Grounded future: Pentagon still bets on plagued F-35s
Notwithstanding the ongoing and costly setbacks occurring as recently as earlier this month, United States Secretary of Defense Chuck Hagel stood by the Pentagon’s F-35 fighter jet program this week during a visit Thursday with pilots.
Hagel, a Vietnam War vet appointed by US Pres. Barack Obama last year to head the Department of Defense, lauded the $400 billion program at Eglin Air Force Base in Florida on Thursday during a pep talk to pilots no sooner than two weeks after the Pentagon grounded its entire fleet of F-35s due to an engine fire. Days later, the jet’s UK debut was cancelled on account of that setback, which today continues to keep the US fleet out of the sky.

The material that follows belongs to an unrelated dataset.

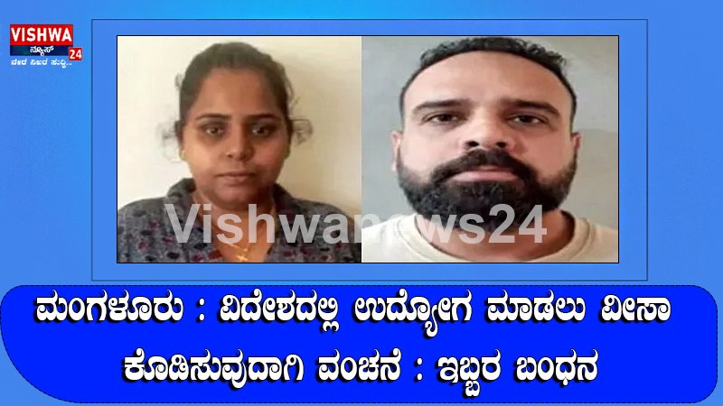 ಮಂಗಳೂರು : ವಿದೇಶದಲ್ಲಿ ಉದ್ಯೋಗ ಮಾಡಲು ವೀಸಾ ಕೊಡಿಸುವುದಾಗಿ ವಂಚನೆ : ಇಬ್ಬರ ಬಂಧನ – vishwanews24

Despite the engine fire — only one of the latest in a long series of setbacks suffered by the costly stealth jet program — Sec. Hagel hailed the planes during Thursday’s appearance.
“Issues” aside, Hagel said, the F-35 still represents "the future for our fighter aircraft.”
“I know that there are issues,” Hagel said. “I don’t know of a platform that we’ve ever had, that we’ve ever designed, that we’ve ever tried and then put into service, that didn’t go through issues,” the secretary continued, later adding that he nevertheless has “strong, strong confidence” in those running the program, according to the Omaha World Herald.
As those issues linger on, however, the immediate future of the F-35 program remains uncertain. The Pentagon announced on July 3 that the DOD’s entire arsenal of F-35s would be grounded after an engine fire erupted unexpectedly onboard an aircraft. The jet was supposed to make its UK debut this Monday at the Royal International Air Tattoo show, but that appearance was cancelled on account of the grounding.
"If the F-35 doesn't make it to the show it's quite embarrassing. It will jeopardize the timing of export orders," Richard Aboulafia, an analyst with Teal Group, told the BBC ahead of the last-minute decision to keep the jet from appearing.
Stateside, however, lawmakers largely shrugged off the setback, which is only the latest in a years-long trend of mishaps.
“I just want to keep it going,” Sen. James Inhofe
(R-Okla.), the ranking member of the Senate Armed Services
Committee, told The Hill this week. “It’s too modern to
fail. If we’re going to maintain superiority over other
countries, we have to have that, we can’t do without it.”
“When you develop a new system like this you’re going to have
hiccups,” opined Sen. Bill Nelson (D-Florida). Those
hiccups, Sen. Jack Reed (D-Rhode Island) added, “are not
unusual in a very sophisticated development program like
this.”
Others, like Sen. John McCain (R-Arizona), are questioning the F-35s more than ever, though.
“In some ways it’s too big to fail, but it’s a debacle. We’ve
been fighting this battle of cost overruns and glitches for a
number of years,” McCain reportedly told journalists this
week. “It’s classic example of the
military-industrial-congressional complex.”
Indeed, it’s been an uphill battle for the Pentagon with respect
to putting the final touches on the F-35. The latest grounding of
the fleet marked the eighth time the DOD has been driven to make such a
decision, with the next most recent occurrence happening only
last month when an engine oil leak forced the military to inspect
104 of its jets.
In March, the US Government Accountability Office determined that persistent software problems could delay the program for an additional year, and questioned whether the US could still afford the 2,457 planes that are slated for purchase. They could cost $400 billion – a 68 percent increase over original projections in 2001 – and keeping the program on schedule for 2037 could cost $12.6 billion per year.
In the meantime, Hagel told pilots this week that the fleet will remain on the ground until all its kinks are ironed out.
"Safety is the first priority, and we're not going to ask anyone to risk their lives on any platform, for any reason,” he said.